What is expected :: Copy the material below verbatim from the line with "Zlatý prsten s modrým kamenem, vel. 56" to the line with "- Wipe clean", both lines included, omitting pictures and every line outside that range.

The data ::
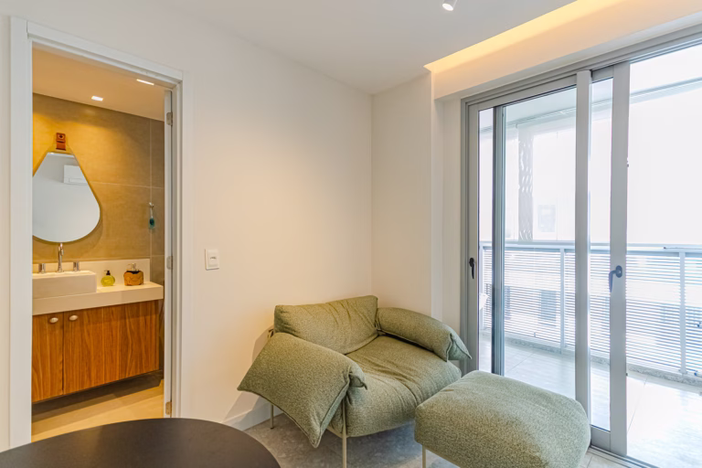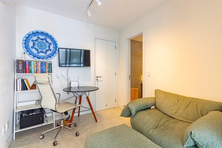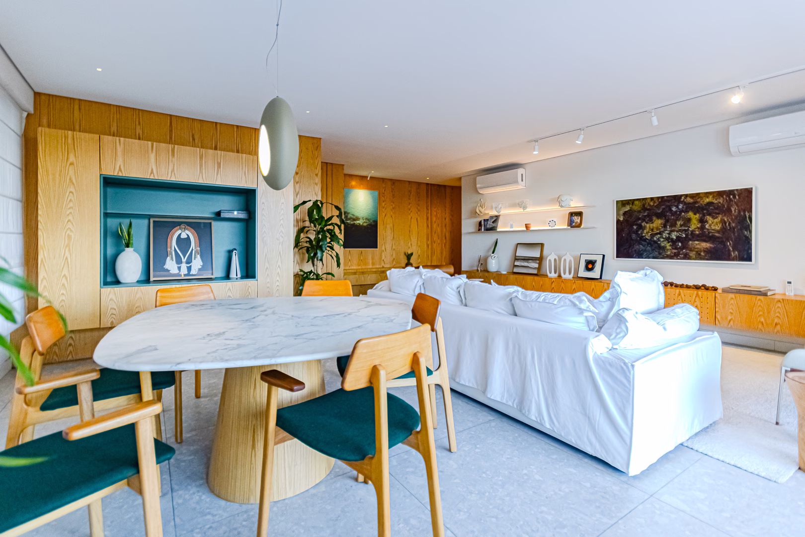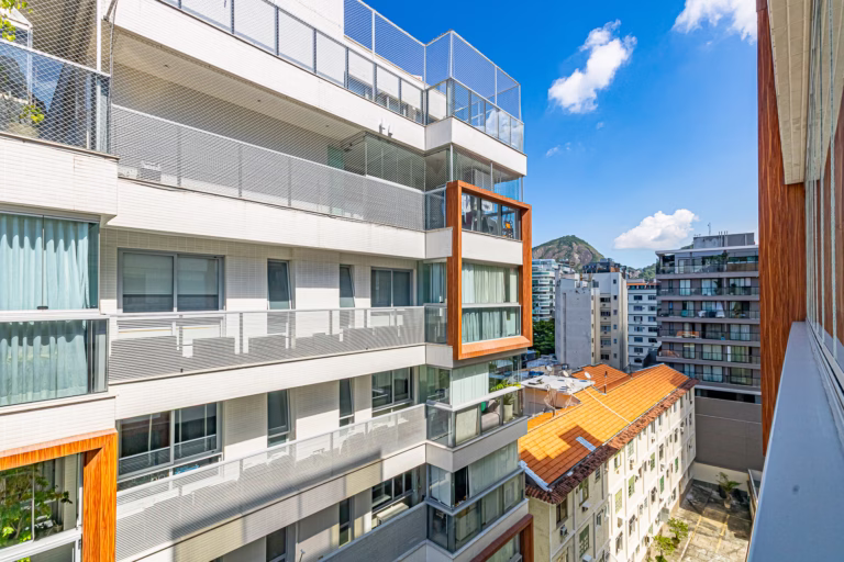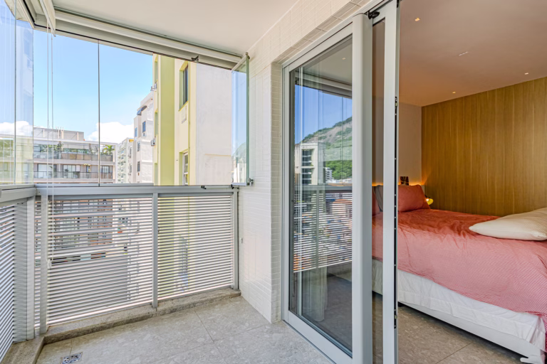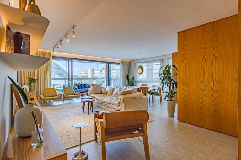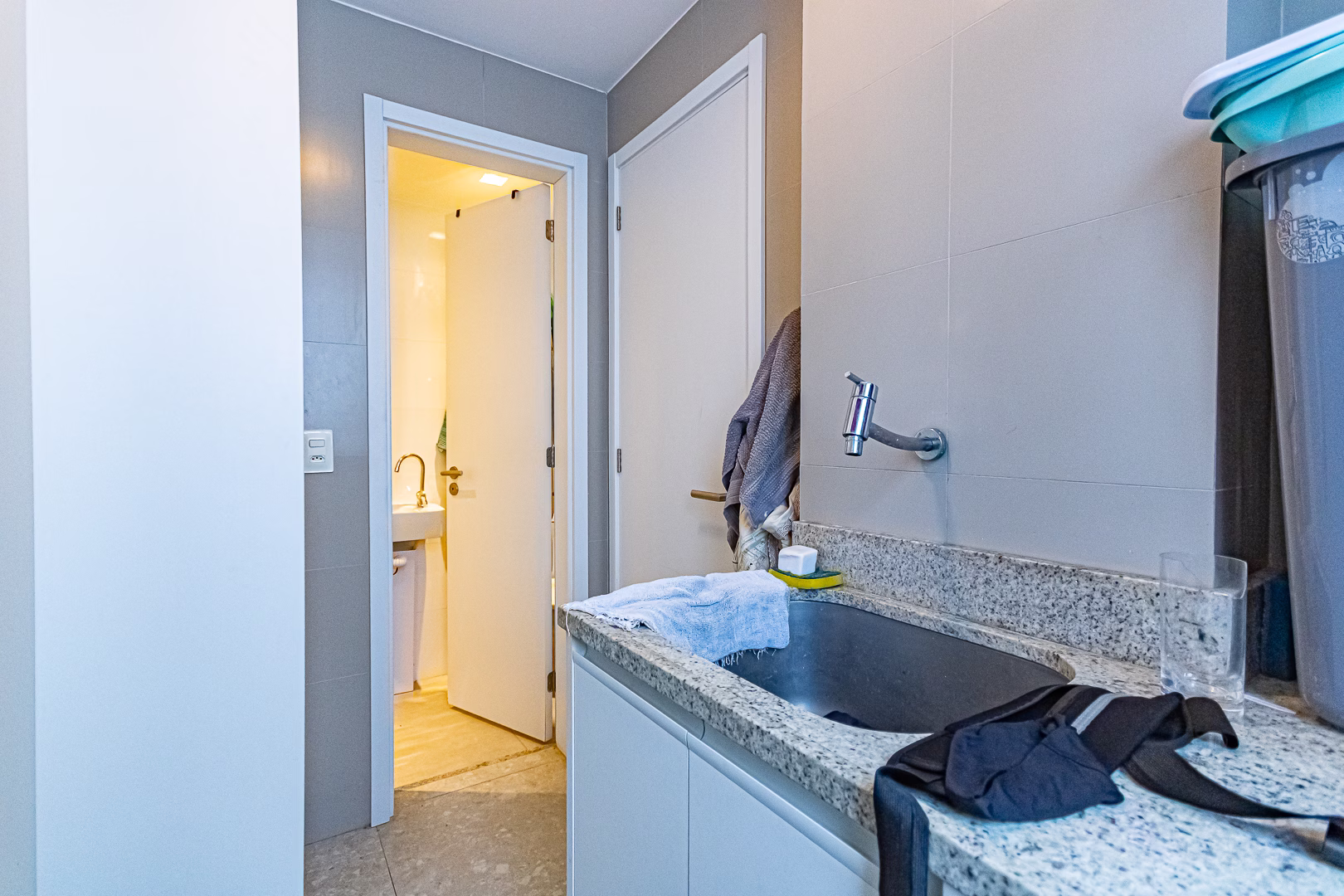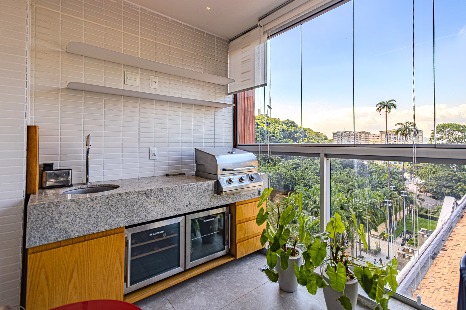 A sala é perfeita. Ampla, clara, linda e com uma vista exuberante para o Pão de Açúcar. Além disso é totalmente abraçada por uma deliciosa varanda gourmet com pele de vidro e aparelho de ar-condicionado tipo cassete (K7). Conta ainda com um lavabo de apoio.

==

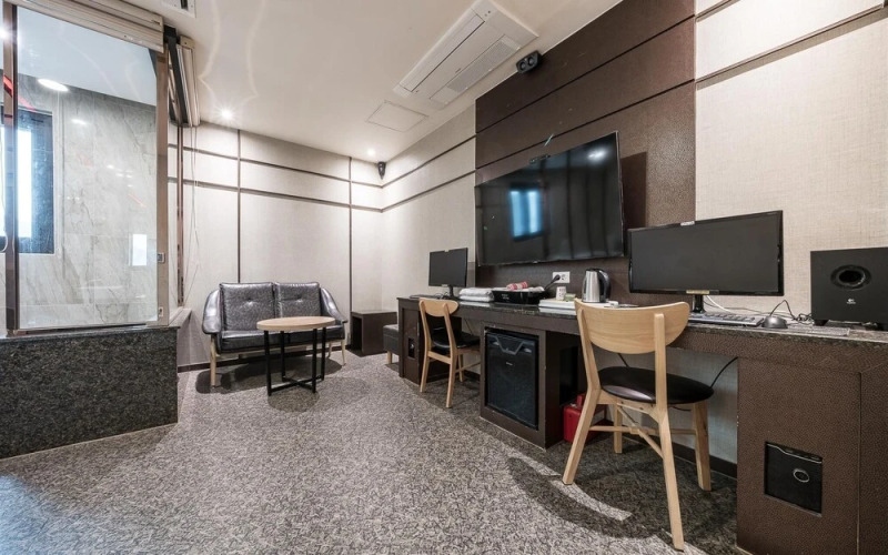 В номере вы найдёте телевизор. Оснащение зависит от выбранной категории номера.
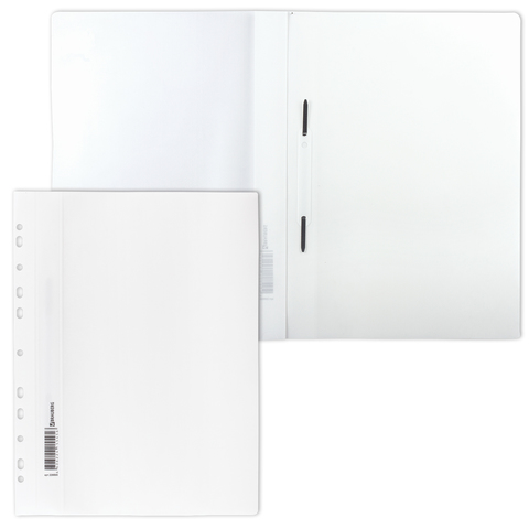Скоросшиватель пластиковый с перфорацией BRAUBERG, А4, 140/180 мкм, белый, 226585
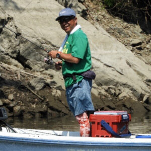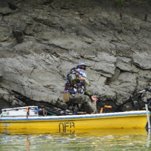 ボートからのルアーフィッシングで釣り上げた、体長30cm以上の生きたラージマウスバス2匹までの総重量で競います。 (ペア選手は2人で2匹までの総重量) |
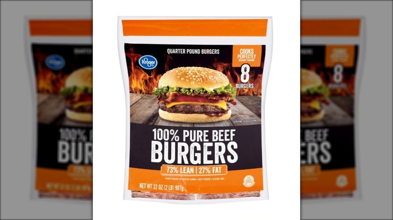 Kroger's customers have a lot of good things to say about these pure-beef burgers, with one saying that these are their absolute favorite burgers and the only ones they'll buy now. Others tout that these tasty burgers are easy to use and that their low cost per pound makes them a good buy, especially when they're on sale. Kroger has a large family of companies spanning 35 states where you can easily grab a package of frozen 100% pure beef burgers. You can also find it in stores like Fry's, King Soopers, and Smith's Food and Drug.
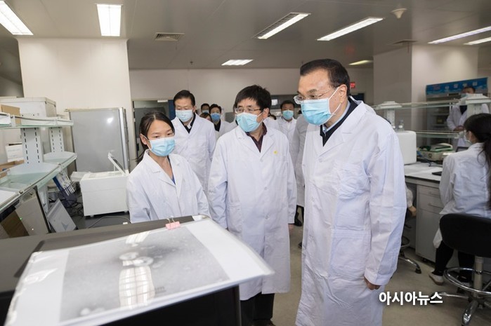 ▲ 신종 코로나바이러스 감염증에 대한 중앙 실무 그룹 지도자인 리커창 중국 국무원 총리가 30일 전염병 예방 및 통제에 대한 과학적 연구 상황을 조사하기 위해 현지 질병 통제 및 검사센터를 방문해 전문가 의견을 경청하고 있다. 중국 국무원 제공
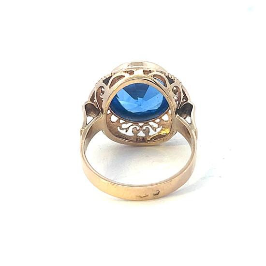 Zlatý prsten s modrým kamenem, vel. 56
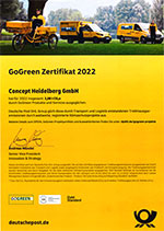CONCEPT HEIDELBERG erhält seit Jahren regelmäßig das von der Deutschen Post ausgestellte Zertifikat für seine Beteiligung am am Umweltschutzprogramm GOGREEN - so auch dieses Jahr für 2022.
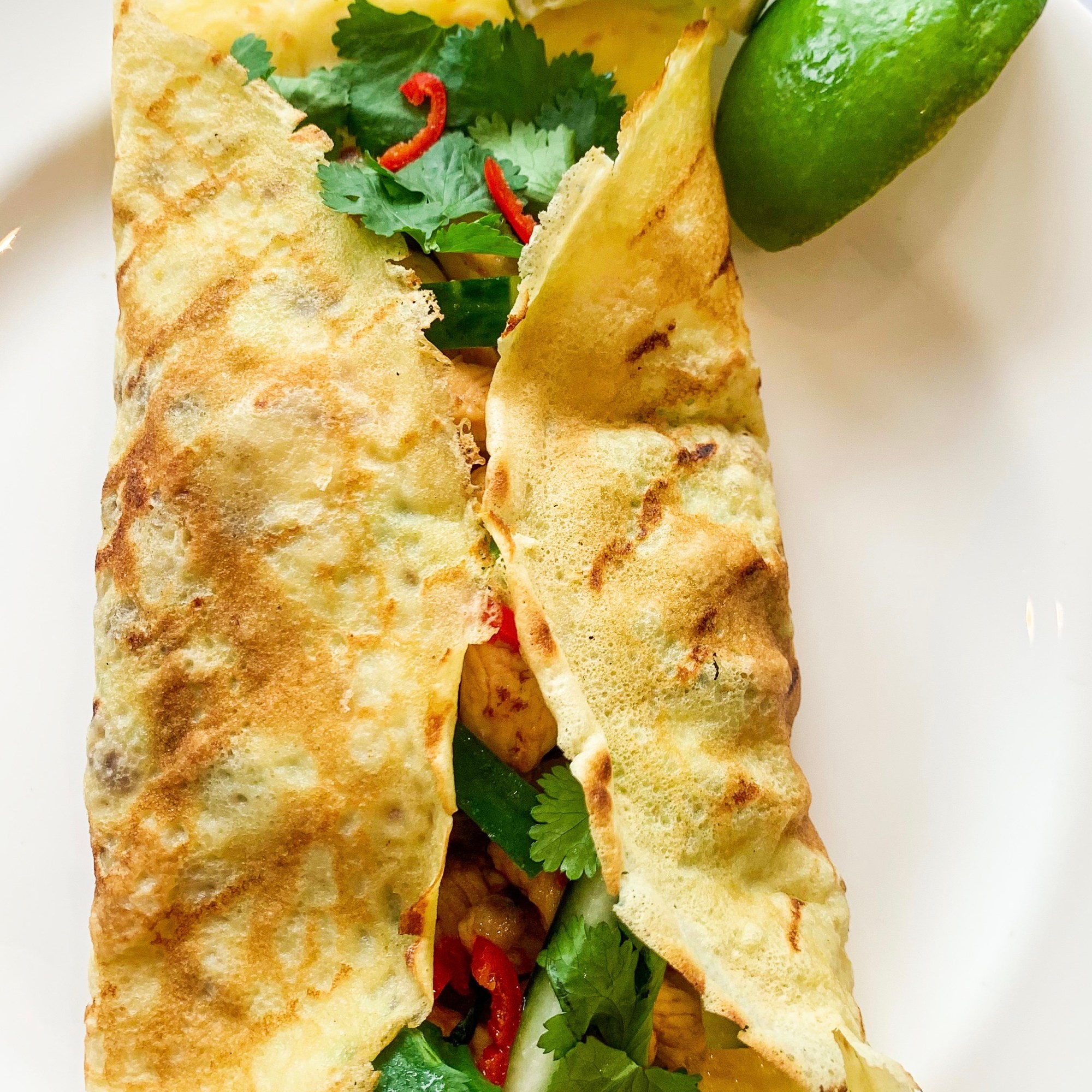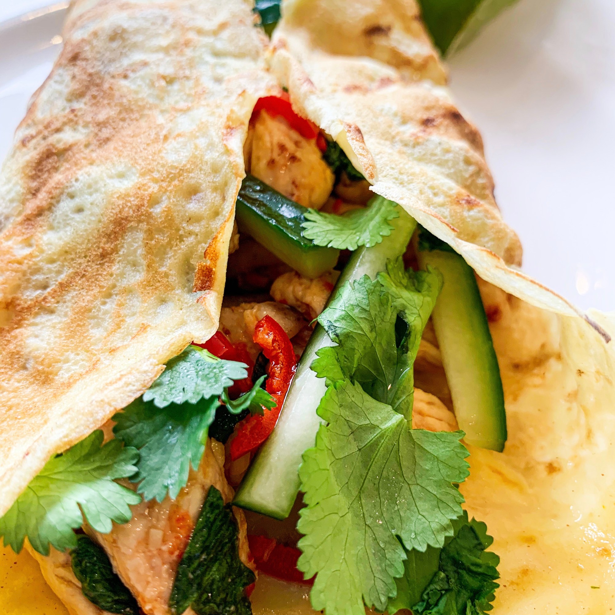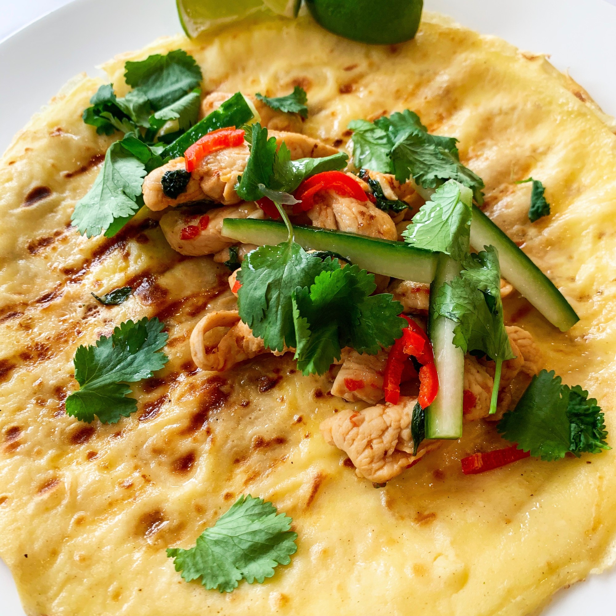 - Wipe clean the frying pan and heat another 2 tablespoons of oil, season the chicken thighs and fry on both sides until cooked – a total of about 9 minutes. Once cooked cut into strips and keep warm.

Exercise response ::
 Zlatý prsten s modrým kamenem, vel. 56
CONCEPT HEIDELBERG erhält seit Jahren regelmäßig das von der Deutschen Post ausgestellte Zertifikat für seine Beteiligung am am Umweltschutzprogramm GOGREEN - so auch dieses Jahr für 2022.
 - Wipe clean the frying pan and heat another 2 tablespoons of oil, season the chicken thighs and fry on both sides until cooked – a total of about 9 minutes. Once cooked cut into strips and keep warm.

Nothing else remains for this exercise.